Stored dataset items
━━━━━━━━━━

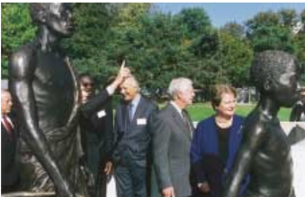
Outubro de 1999 – Sede da OMS, em Genebra, na inauguração de uma estátua comemorativa do sucesso do combate à Oncocercose, com Jimmy Carter e Gro Brundtland.

de Coimbra; Universidade de Columbia (Nova Iorque) e Fundação Konrad Adenauer (Bona). Integrou missões Parlamentares às antigas R.F.A. e U.R.S.S.
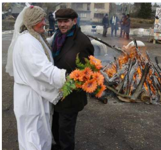
Išpūdinga jaunujų pora
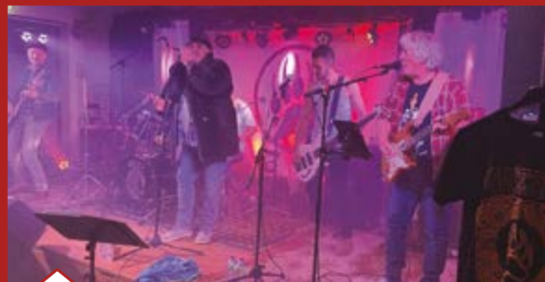
Concert de rock vintage avec le groupe manceau Grizzly : un sympathique retour vers le le rock'n'roll des années 70.
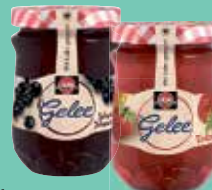
Schwartau Gelee Hausfrauenart verschiedene Sorten 200-g-Glas je (1 kg = 9,95 €)
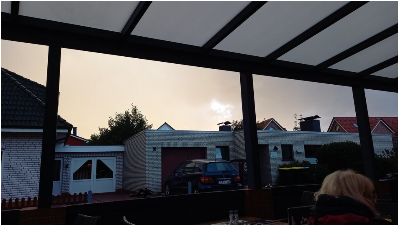
— Im Restaurant draußen sitzen schützt ggf. auch nicht vor Corona
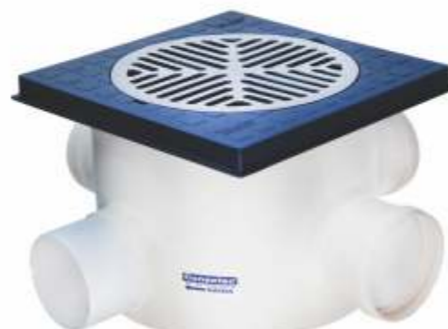
Material: PVC moldada Dn 300x215x100
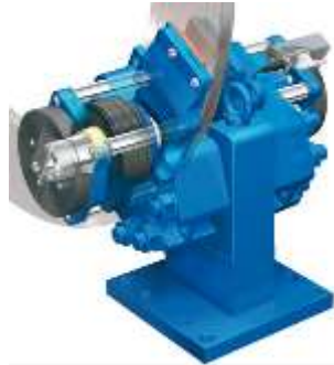
FREIN D'ARRÊT D'URGENCE
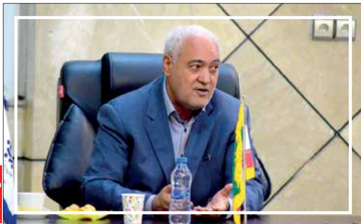
با هدف گذاری به اهداف رسیدم
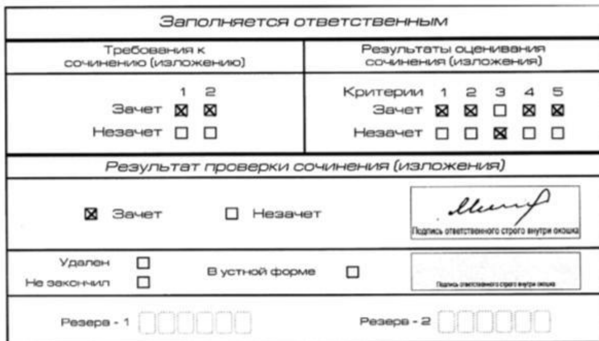
Рис 3 Область для оценки работы

Во всех остальных случаях итоговое сочинение (изложение) проверяется по всем пяти критериям и оценивается по системе «зачет»/«незачет» (например, нельзя не проверять работу по критериям К4 и К5, если выпускник получил зачет на основании зачетов по критериям К1, К2, К3) (см. рис. 3).
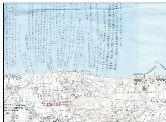
福島第一原発のすぐ近くの浜で採取された植物の採取場所の書かれた地図。標本は福島大学内の標本室に保管されています。
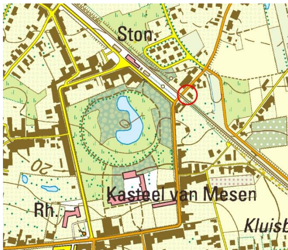
Fig.1 Situering op de topografische kaart
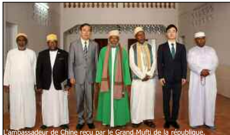
L'ambassadeur de Chine reçu par le Grand Mufti de la république.
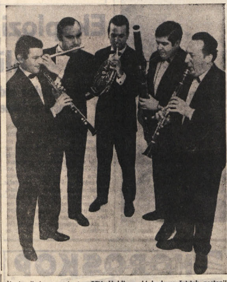
Člani pihalnega orkestra RTV Ljubljana, ki bodo v četrtek nastopili v mali dvorani Kulturnega doma v Trstu
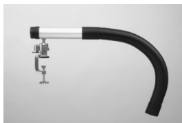
Extraction arm 3046/3446*

All arms can be ordered with a wall bracket, except for *
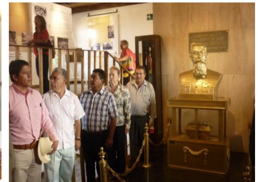
Guardia de Honor en el museo Casa del Gral. Venustiano Carranza en Xicotepec de Juárez

━━━━━━━━━━

# Exercise prompt:
Print out the entries once more, unchanged. No pictures.

# Expected output:
Outubro de 1999 – Sede da OMS, em Genebra, na inauguração de uma estátua comemorativa do sucesso do combate à Oncocercose, com Jimmy Carter e Gro Brundtland.

de Coimbra; Universidade de Columbia (Nova Iorque) e Fundação Konrad Adenauer (Bona). Integrou missões Parlamentares às antigas R.F.A. e U.R.S.S.
Išpūdinga jaunujų pora
Concert de rock vintage avec le groupe manceau Grizzly : un sympathique retour vers le le rock'n'roll des années 70.
Schwartau Gelee Hausfrauenart verschiedene Sorten 200-g-Glas je (1 kg = 9,95 €)
— Im Restaurant draußen sitzen schützt ggf. auch nicht vor Corona
Material: PVC moldada Dn 300x215x100
FREIN D'ARRÊT D'URGENCE
با هدف گذاری به اهداف رسیدم
Рис 3 Область для оценки работы

Во всех остальных случаях итоговое сочинение (изложение) проверяется по всем пяти критериям и оценивается по системе «зачет»/«незачет» (например, нельзя не проверять работу по критериям К4 и К5, если выпускник получил зачет на основании зачетов по критериям К1, К2, К3) (см. рис. 3).
福島第一原発のすぐ近くの浜で採取された植物の採取場所の書かれた地図。標本は福島大学内の標本室に保管されています。
Fig.1 Situering op de topografische kaart
L'ambassadeur de Chine reçu par le Grand Mufti de la république.
Člani pihalnega orkestra RTV Ljubljana, ki bodo v četrtek nastopili v mali dvorani Kulturnega doma v Trstu
Extraction arm 3046/3446*

All arms can be ordered with a wall bracket, except for *
Guardia de Honor en el museo Casa del Gral. Venustiano Carranza en Xicotepec de Juárez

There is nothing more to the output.